How can developers resolve this issue?  What happens if there's some type of hiccup in the network connection during the request?  Should the application just quit working? Thankfully, Mono for Android supports threading, asynchronous operations, .NET tasks, and all the C#/.NET Framework features that developers are used to. We can use these features to make a remote request and be a good citizen on the device so that our application doesn't incur the ire of the watchdog timer.

What is a ListActivity?
First, some background. In Android, UI applications are typically based on an activity. There are several activities optimized for various operations. When working with a ListView, a developer can continue to use an activity, or use an activity a little more optimized for the ListView. This optimized activity is called a ListActivity.

A ListActivity has a default layout consisting of a single, full-screen list in the center of a screen. For this article, we'll be using an Activity. However, it's important to know that a ListActivity exists and can be used as well. For more coverage of other Activities in Android, please check out my book on Mono for Android listed in the resources at the end of this article.

Data Formats
The .NET world primarily uses WSDL, SOAP and XML as the various standards necessary to make a Web services connection. This isn't true in the mobile world. Mobile applications tend to use Representational State Transfer (REST)-based Web services and Javascript Object Notation (JSON). I'm not going to get into the pros and cons of these choices; I just want to recognize that this is the general trend.

Mono for Android provides support for calling REST-based services and JSON data. The REST-based services are handled via the .NET WebRequest object that many .NET developers are familiar with. What about JSON?  There is no System.Json in the .NET 4 Framework. Thankfully, Microsoft included a System.Json namespace to provide support for processing data in JSON in Silverlight. Because the .NET Client profile that Mono for Android (MfA) (and MonoTouch (MT)) implements is closely aligned with Silverlight, this namespace is included in MfA and MT. (Note: System.Json was added to .NET 4.5.) 

This example code demonstrates how a request is made to the Twitter Search API, processes a request, and gets data back in a JSON format. Listing 1 shows how to make a request:

Now that we have made a request, let's look at processing the request, as shown in Listing 2.

Some things to note in the code:

  • The standard Begin/End asynchronous call pattern will be familiar to .NET developers.
  • System.Json is used to iterate through the values and get the necessary data returned.
  • Because this is an asynchronous call, any calls that effect the user interface must be called from the UI thread, to fill UI controls from within the async result. This is accomplished by the RunOnUIThread method.
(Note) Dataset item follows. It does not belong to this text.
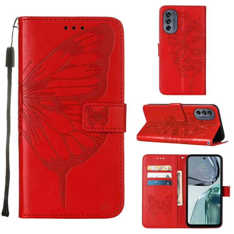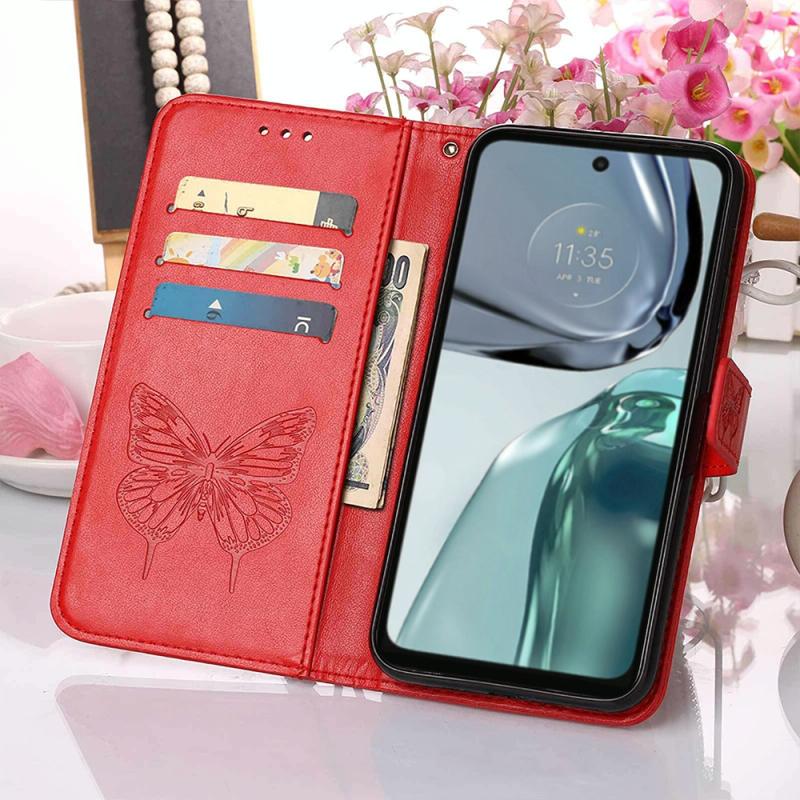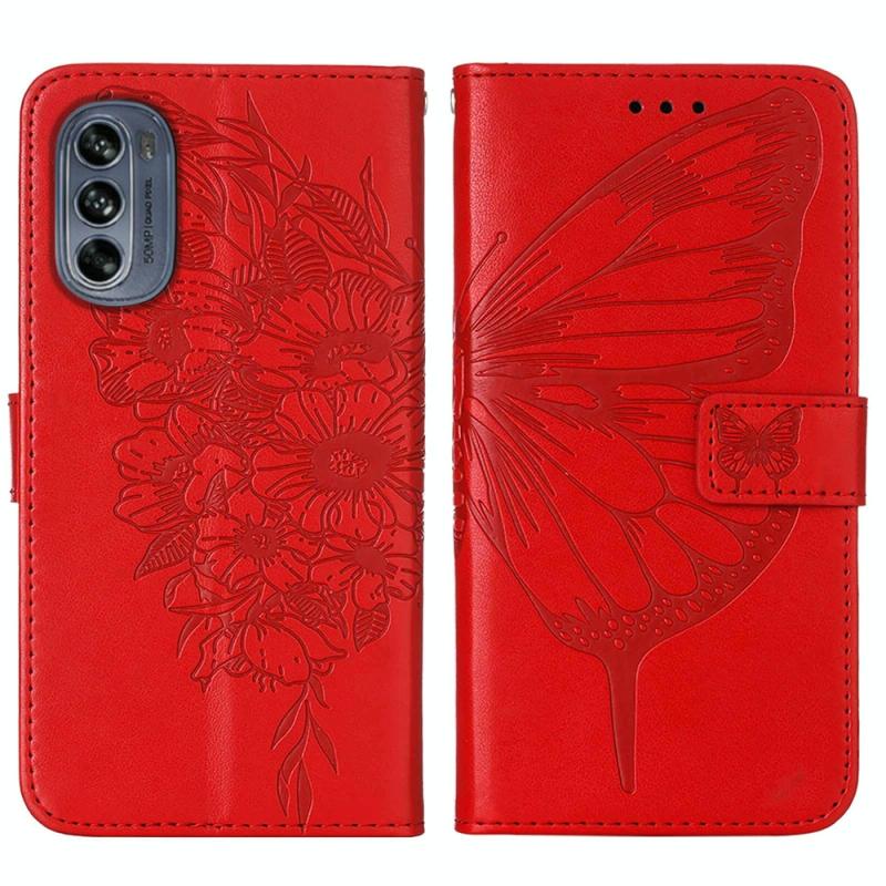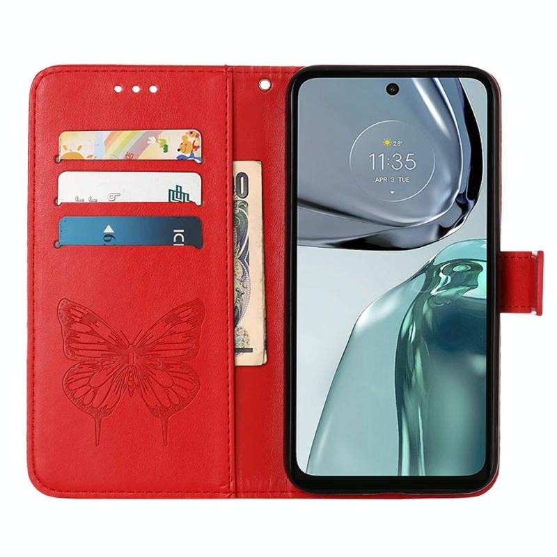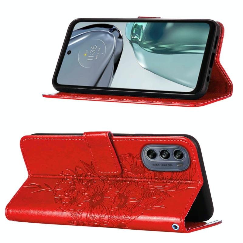 Θήκη τηλεφώνου από δέρμα με ανάγλυφο σχέδιο πεταλούδας και λειτουργία flip για Motorola Moto G62 5G (Γκρι)

Attempting to make a change to a UI element from a background thread can result in nothing changing in the UI element to the application crashing.

Displaying Data
Now that we have some data, we need to put it into a displayable format. In the .NET world, there are a variety of tables and grid controls that can be used. Unfortunately, those controls are all designed for a relatively widescreen, 20-plus-inch monitor.

Android has developers covered with the ListView. The ListView is a view group  that displays a list of scrollable items (in the .NET world, it's a container). These items are automatically inserted into the list using an Adapter. It's the Adapter's job to pull content from a data source and convert each item into a view displayed in the list.

First off, let's look at the types of built-in row views that can be used. Android contains four default row views:   

  • SimpleListItem1 has one TextView within each row.  This is shown in Figure 1.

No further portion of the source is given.